Pytorch Implementation of Adaptive Wing Loss for Robust Face Alignment via Heatmap Regression.

Update Logs:

October 28, 2019

  • Pretrained Model and evaluation code on WFLW dataset is released.

Installation

Note: Code was originally developed under Python2.X and Pytorch 0.4. This released version was revisioned from original code and was tested on Python3.5.7 and Pytorch 1.3.0.

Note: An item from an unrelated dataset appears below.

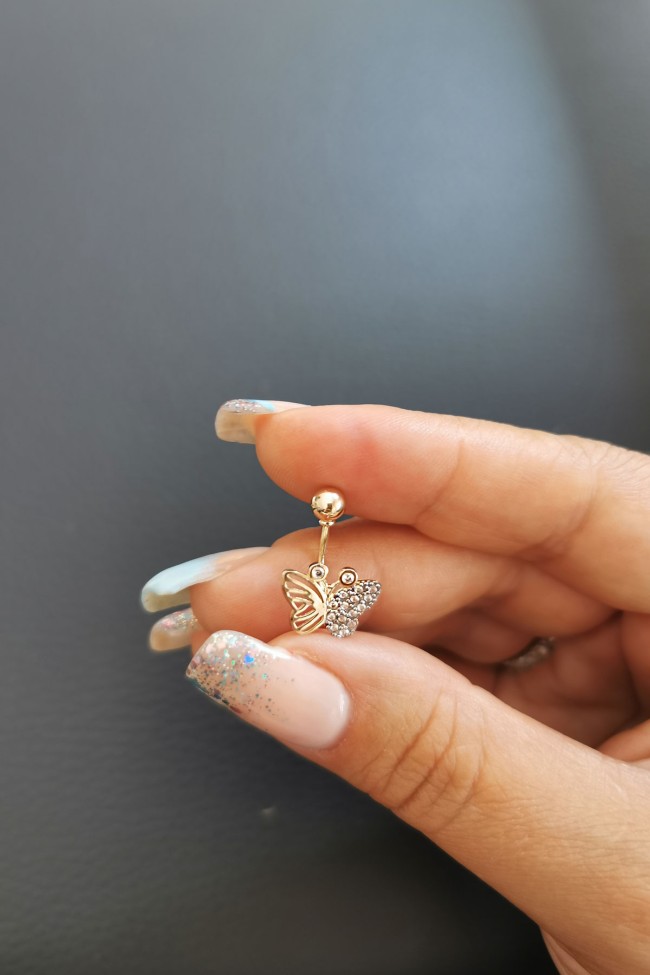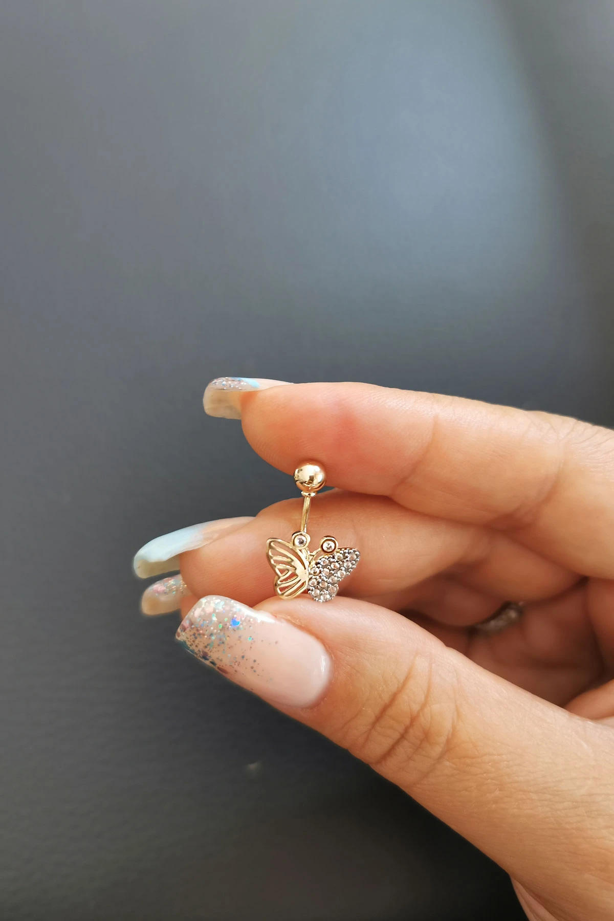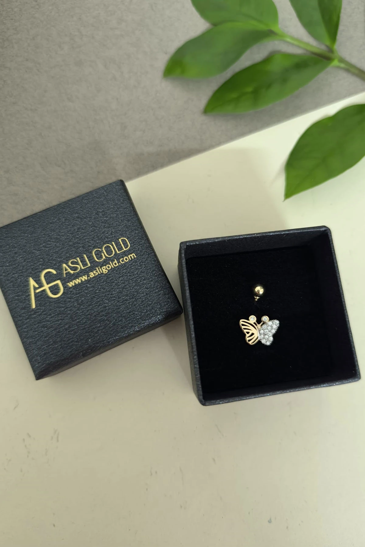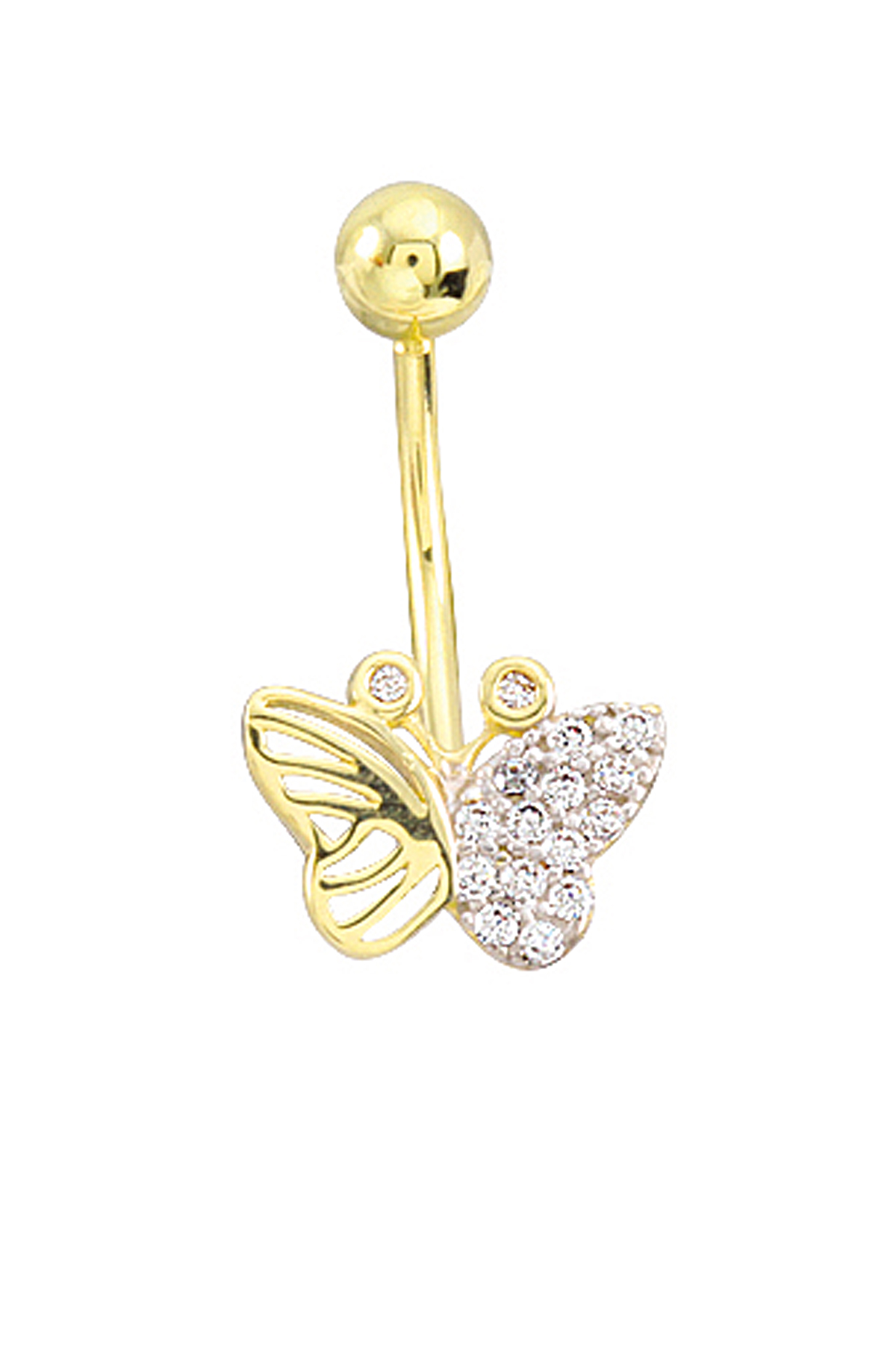 Motif Kelebek Model Işıl Işıl Zirkon Taşlı 14 Ayar Altın Göbek Piercingi. İnsan vücuduna en uyumlu değerli maden olan altın göbek piercinglerini sağlıkla ve güvenle uzunca seneler kullanabilirsiniz.

Install system requirements:

sudo apt-get install python3-dev python3-pip python3-tk libglib2.0-0

Install python dependencies:

pip3 install -r requirements.txt

Run Evaluation on WFLW dataset

  1. Download and process WFLW dataset

    • Download WFLW dataset and annotation from Here.
    • Unzip WFLW dataset and annotations and move files into ./dataset directory. Your directory should look like this:
      AdaptiveWingLoss
      └───dataset
         │
         └───WFLW_annotations
         │   └───list_98pt_rect_attr_train_test
         │   │
         │   └───list_98pt_test
         │
         └───WFLW_images
             └───0--Parade
             │
             └───...
      
    • Inside ./dataset directory, run:
      python convert_WFLW.py
      
      A new directory ./dataset/WFLW_test should be generated with 2500 processed testing images and corresponding landmarks.
  2. Download pretrained model from Google Drive and put it in ./ckpt directory.

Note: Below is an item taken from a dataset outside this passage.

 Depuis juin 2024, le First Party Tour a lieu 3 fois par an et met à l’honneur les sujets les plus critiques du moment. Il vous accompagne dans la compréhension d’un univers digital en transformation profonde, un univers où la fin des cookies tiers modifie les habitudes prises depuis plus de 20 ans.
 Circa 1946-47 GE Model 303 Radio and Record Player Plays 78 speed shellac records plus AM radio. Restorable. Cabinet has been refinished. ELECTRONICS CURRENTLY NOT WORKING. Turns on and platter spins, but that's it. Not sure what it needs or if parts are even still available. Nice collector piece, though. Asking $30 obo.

  3. Within ./Scripts directory, run following command:

    sh eval_wflw.sh
    
    *GTBbox indicates the ground truth landmarks are used as bounding box to crop faces.

Future Plans

  • Release evaluation code and pretrained model on WFLW dataset.

  • Release training code on WFLW dataset.

  • Release pretrained model and code on 300W, AFLW and COFW dataset.

  • Replease facial landmark detection API

Citation

If you find this useful for your research, please cite the following paper.

@InProceedings{Wang_2019_ICCV,
author = {Wang, Xinyao and Bo, Liefeng and Fuxin, Li},
title = {Adaptive Wing Loss for Robust Face Alignment via Heatmap Regression},
booktitle = {The IEEE International Conference on Computer Vision (ICCV)},
month = {October},
year = {2019}
}

Acknowledgments

This repository borrows or partially modifies hourglass model and data processing code from face alignment and pose-hg-train.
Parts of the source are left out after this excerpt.